MonkeyTrail: A scalable video-based method for tracking macaque movement trajectory in daily living cages
摘要: 猕猴的行为分析能为神经科学研究提供重要的实验证据。近年来，自动化的动物行为视频分析受到了广泛的关注。然而，这些方法大多需要特定的实验环境以减少物体遮挡或环境变化带来的干扰，目前还缺乏能够规模化用于日常饲养条件下猕猴运动轨迹跟踪的有效手段。在该研究中，我们提出了一种新的方法(MonkeyTrail)用于实现这一目的。其关键原理是通过频繁生成的虚拟空背景，结合背景减除法准确获得包含运动中动物的前景图像。空背景生成利用了帧差法(FDM)和基于深度学习的视觉目标检测模型(YOLOv5)。整个装置由低成本的硬件构成，并可以在单笼饲养猕猴的日常环境中有效工作。为了测试这一方法的性能，我们标定了>8000帧的视频图像作为验证数据集，其中包含各种条件下的猕猴边界框数据。测试结果表明，在相同条件下，MonkeyTrail的跟踪精度和稳定性均超过了传统帧差法、背景减除法和两种基于深度学习的方法(YOLOv5和SSD)。通过对长期监控视频的分析，MonkeyTrail成功地检测到了猕猴在运动量和空间偏好方面的变化。这些结果表明，该方法可以用于实现低成本、较大规模的猕猴日常行为分析。Abstract: Behavioral analysis of macaques provides important experimental evidence in the field of neuroscience. In recent years, video-based automatic animal behavior analysis has received widespread attention. However, methods capable of extracting and analyzing daily movement trajectories of macaques in their daily living cages remain underdeveloped, with previous approaches usually requiring specific environments to reduce interference from occlusion or environmental change. Here, we introduce a novel method, called MonkeyTrail, which satisfies the above requirements by frequently generating virtual empty backgrounds and using background subtraction to accurately obtain the foreground of moving animals. The empty background is generated by combining the frame difference method (FDM) and deep learning-based model (YOLOv5). The entire setup can be operated with low-cost hardware and can be applied to the daily living environments of individually caged macaques. To test MonkeyTrail performance, we labeled a dataset containing >8 000 video frames with the bounding boxes of macaques under various conditions as ground-truth. Results showed that the tracking accuracy and stability of MonkeyTrail exceeded that of two deep learning-based methods (YOLOv5 and Single-Shot MultiBox Detector), traditional frame difference method, and naïve background subtraction method. Using MonkeyTrail to analyze long-term surveillance video recordings, we successfully assessed changes in animal behavior in terms of movement amount and spatial preference. Thus, these findings demonstrate that MonkeyTrail enables low-cost, large-scale daily behavioral analysis of macaques.

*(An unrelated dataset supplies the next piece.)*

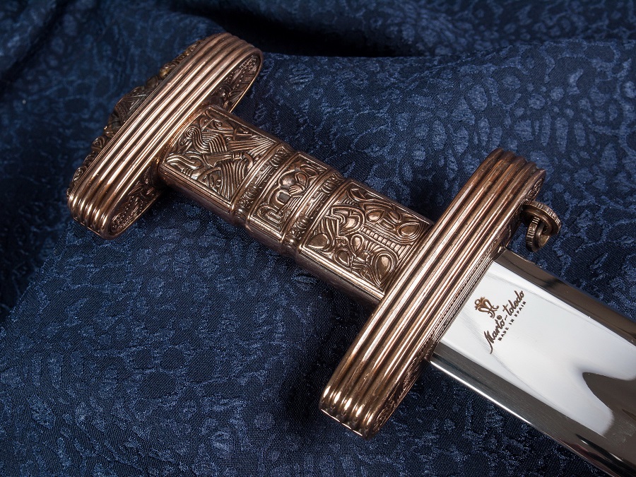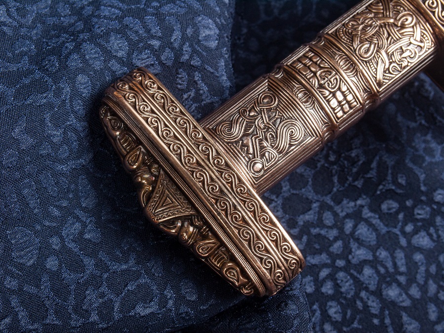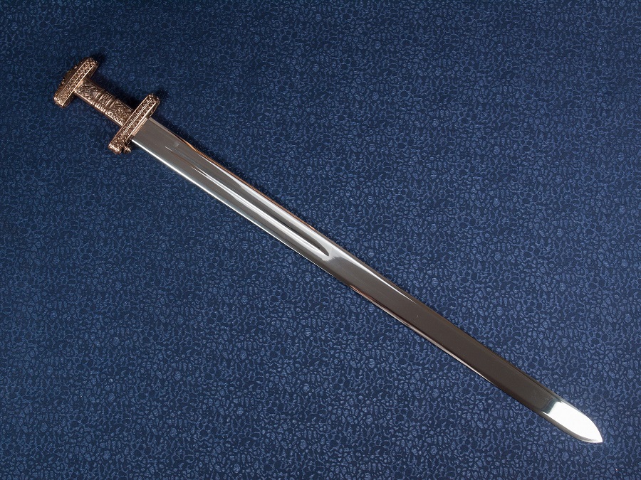 VIII. századi viking kardmásolat a Marto cég "Legendary swords" kollekcióból. A kard markolata jellegzetes viking motívumokkal díszített.

Figure 1. Overall recording environment and camera setup
A: One frame of recorded video, showing arrangement of monkey cages. For each recording, two cages in upper and middle positions with better visibility (marked by yellow box) were analyzed by proposed method. Position of camera in A is marked by red box. B: Diagram showing setup of recording cameras mounted on the other side of the room above cage height. Yellow and red boxes in B correspond to A.
Figure 3. Influence of environmental changes on efficacy of background subtraction
A: Relationships among B–H. (C, F), (D, G), (E, H) are empty backgrounds at certain times and corresponding background subtraction results. Empty backgrounds of C, D, and E were obtained at 1 h intervals. Real-time frame B subtracted from C–E is a video frame near time of E.
Figure 5. Background subtraction process with generated empty background
A: One video frame showing typical situation in daily living cage. B: Background subtraction between A and virtual empty background generated temporally close to A, thus highlighting foreground containing animal. C: Image processing result of B, after spatial median filtering, binarizing, eroding, and dilating. A and B are redrawn from Figure 3B and H, respectively.
Figure 6. Representative tracking results for macaque during daytime and nighttime
Green box and blue line represent bounding box and trajectory, respectively. Sequence of frames is from left to right, then top to bottom. Time interval between each frame is >10 s. These examples include different motions and various levels of occlusion.
Figure 7. Visualization of performance in generating bounding boxes by different methods
Results of several trajectory tracking methods were compared with results of manual annotation to calculate accuracy. IoU, which measures accuracy of bounding box, was plotted for individual frames concatenated in time. A–E: Results of MonkeyTrail, SSD, YOLOv5, BSM, and FDM, with IoU shown in different colors. Green dashed line indicates mean value of IoU for MonkeyTrail, and red dashed lines represent mean values of IoU for corresponding methods. F: Amount of motion (calculated by length of trajectory movement) was plotted with the same time frame as in A–E. Gray box represents time when macaque is occluded by parts of cage. Data were from three monkeys, including 8130 frames.
Figure 10. Spatial preference of macaques extracted by MonkeyTrail
A, B/C, D, results of monkeys A/B obtained in 2019 and 2020, respectively. Horizontal and vertical axes of heat map represent X and Y coordinates of cage, respectively. Each heat map region represents number of times macaque’s trajectory passed through this space, normalized by maximum number found in one region (color-coded). Each heat map was obtained by averaging trajectory data of five days.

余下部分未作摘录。